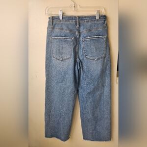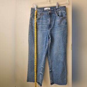 These blue jeans boast a chic cropped ankle length and a straight-leg silhouette, perfect for a contemporary casual style. The raw hem adds a touch of modern flair, making them a versatile choice for any occasion.
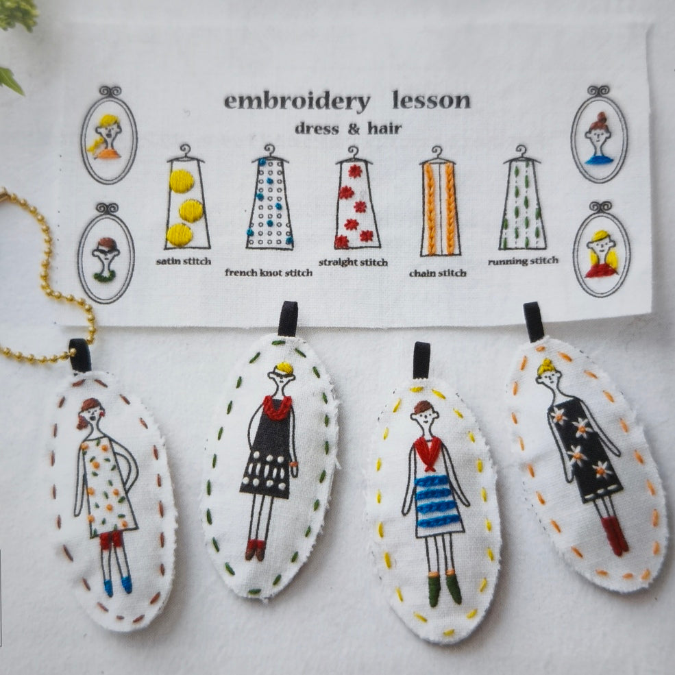 The concept of this design by Kazue Nakajima is that it can be stitched freestyle with your own favourite stitches. Create your own fabulous fashions, accessories and hairstyles using stitch, applique and embellishment - the choice is yours! Fabric paint, coloured pencils and pens can be used to add different skin tones and background colours. Each figure is about 5.5cm high.
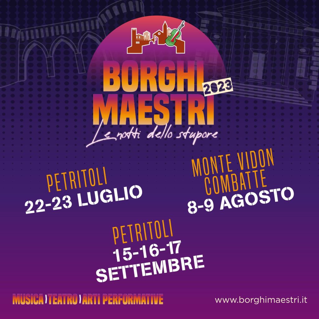Borghi Maestri è un progetto realizzato in aggregazione dai comuni di Petritoli (capofila) e Monte Vidon Combatte (aggregato). Con Borghi Maestri i due Comuni marchigiani si pongono l’obiettivo di rendere più attrattivo ed invitante il proprio territorio per dare nuova linfa vitale al suo tessuto sociale, puntando al recupero della propria identità culturale, artistica, produttiva e alla conservazione e trasmissione dei saperi, offrendo opportunità uniche per apprendere, formarsi, avviare progetti di impresa innovativi e godere di programmazioni artistiche di spettacolo dal vivo di altissima qualità.
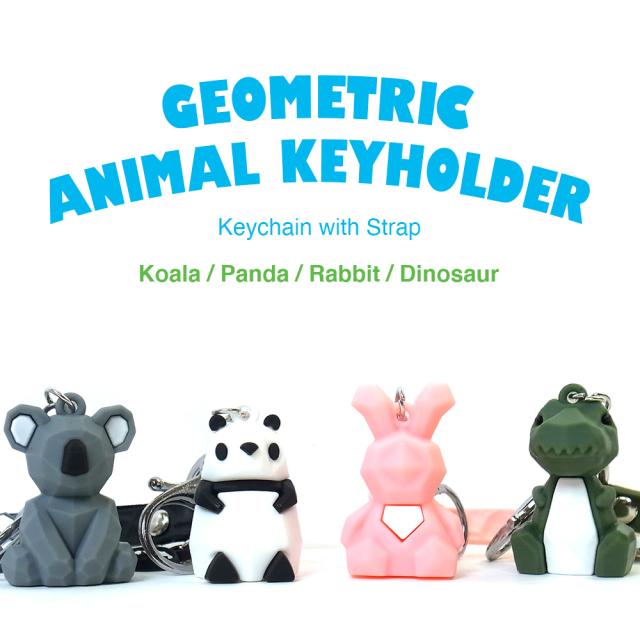 ジオメトリック アニマル キーホルダー ストラップ付き キーリング 動物 コアラ パンダ ウサギ 恐竜

## EXERCISE
Only the text of the listing above is wanted, transcribed exactly, without its images.

## WRITTEN SOLUTION
 These blue jeans boast a chic cropped ankle length and a straight-leg silhouette, perfect for a contemporary casual style. The raw hem adds a touch of modern flair, making them a versatile choice for any occasion.
 The concept of this design by Kazue Nakajima is that it can be stitched freestyle with your own favourite stitches. Create your own fabulous fashions, accessories and hairstyles using stitch, applique and embellishment - the choice is yours! Fabric paint, coloured pencils and pens can be used to add different skin tones and background colours. Each figure is about 5.5cm high.
Borghi Maestri è un progetto realizzato in aggregazione dai comuni di Petritoli (capofila) e Monte Vidon Combatte (aggregato). Con Borghi Maestri i due Comuni marchigiani si pongono l’obiettivo di rendere più attrattivo ed invitante il proprio territorio per dare nuova linfa vitale al suo tessuto sociale, puntando al recupero della propria identità culturale, artistica, produttiva e alla conservazione e trasmissione dei saperi, offrendo opportunità uniche per apprendere, formarsi, avviare progetti di impresa innovativi e godere di programmazioni artistiche di spettacolo dal vivo di altissima qualità.
 ジオメトリック アニマル キーホルダー ストラップ付き キーリング 動物 コアラ パンダ ウサギ 恐竜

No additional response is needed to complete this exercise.